I traced the call. It was phone-shaped.
10: I just read that you have fingertips but not toe tips yet you can tiptoe but not tip finger.
Me: It’s 6 am.
Took over 70 days of quarantine but we finally got that roll of Christmas wrapping paper from behind the bedroom door put away.
All of these people are screaming like they’ve never seen someone revving a chainsaw on a public beach.
I still don’t unmute myself often on group calls at work, but my comically overt nodding game has never been stronger.
My grandma used to say: “Never stand behind a cow when it’s windy or your face will be covered with freckles”.😂
Cramming a band’s whole discography just hours before a concert just in case they stop the show and start quizzing me
Men are really out here thinking that a hike is a good first date. Sir that’s a last date. That’s how people get murdered.
There are 2 screaming kids & a guy talking full voice on his cell in this bank.
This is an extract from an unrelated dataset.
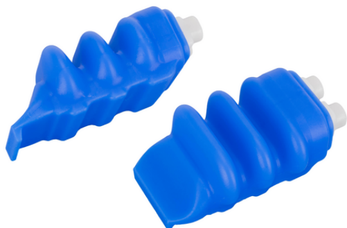
FINGER-SPARE-UNIT 3CA HYG

I’ll wave at you on the news tonight as they lead me away.
Rob thank god you picked up! Hey remember when you said if I needed a place to crash I cou- hold on *to copilot* STOP CRYING, ROB WILL HELP
My long legs mean I can emerge gracefully from an SUV. After that, every step looks like I was just released from a zero gravity experiment.
[alternative timeline]
Art teacher: you’re expelled from art school
Hitler: [clenches fists]
Subway manager: [taps him on shoulder] what if I told you you can still be an artist
According to a recent survey, 100% of HR agree that I’m not allowed to take money out of the swear jar to throw at my co-workers.
Licked a frog once.
He didn’t turn into a prince but he did turn into an ambulance ride.
You just found Jesus?
The rule is if no one claims him in 30 days you can keep him.
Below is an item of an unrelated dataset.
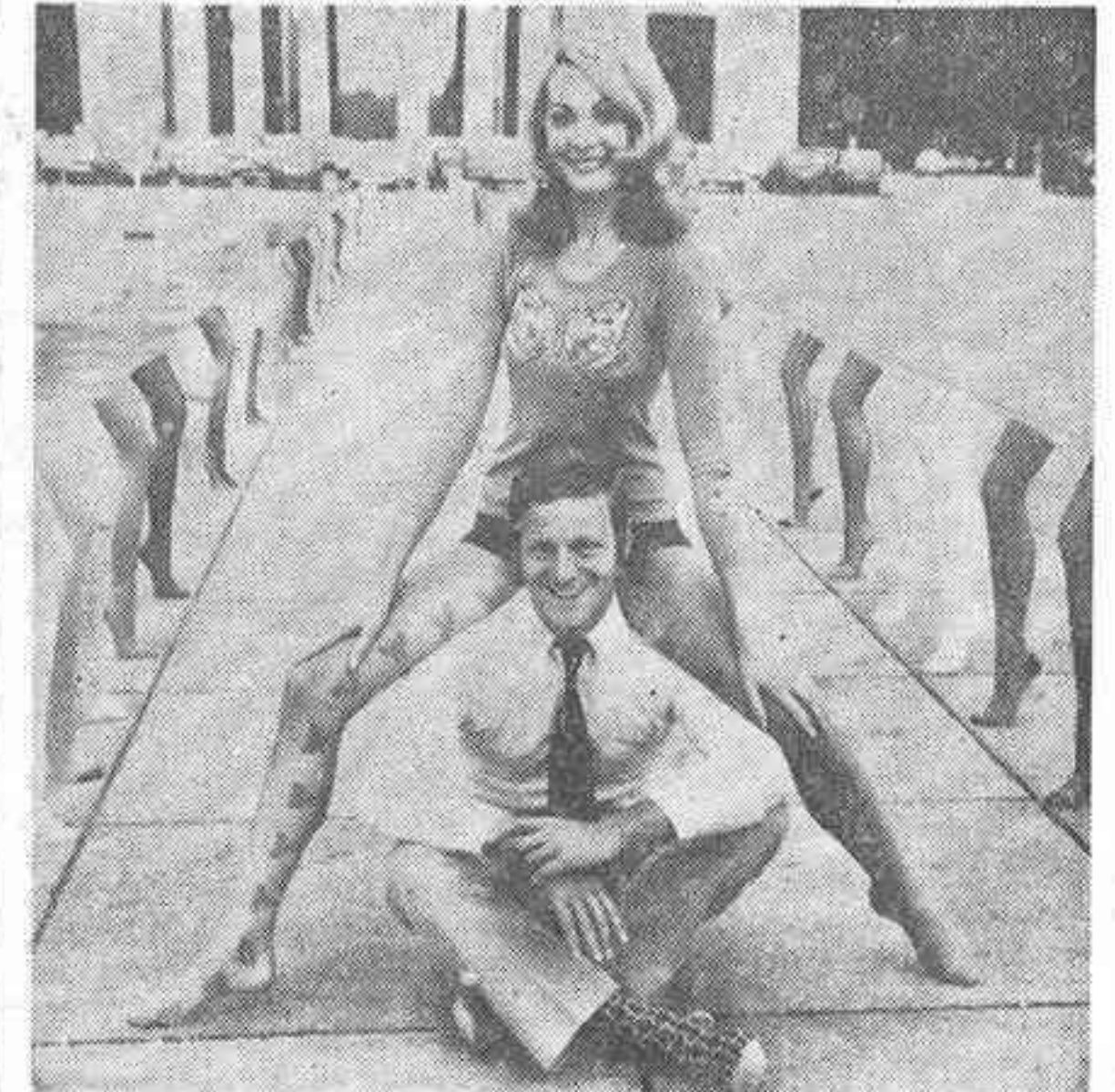
Los comerciantes alemanes han organizado unas semanas de exhibición de medias y calcetines...

The great thing about being a man who is entirely secure in his identity is that I always have enough pockets to carry spare kittens.
It’s an indescribable feeling when I’m trying to put my toddler in his car seat in a crowded parking lot and him screaming “HELP”.
I no longer need Google.
I have a 22 year old in college.
Who needs whips and chains? Christian should have had Ana read Fifty Shades of Grey if he wanted to torture her.
I’m just here to make bad decisions, not explain them
Every time you downvote a reply, Twitter releases a lion emoji to eat that user.
Remind me again … how many glasses of wine does it take to cook a turkey?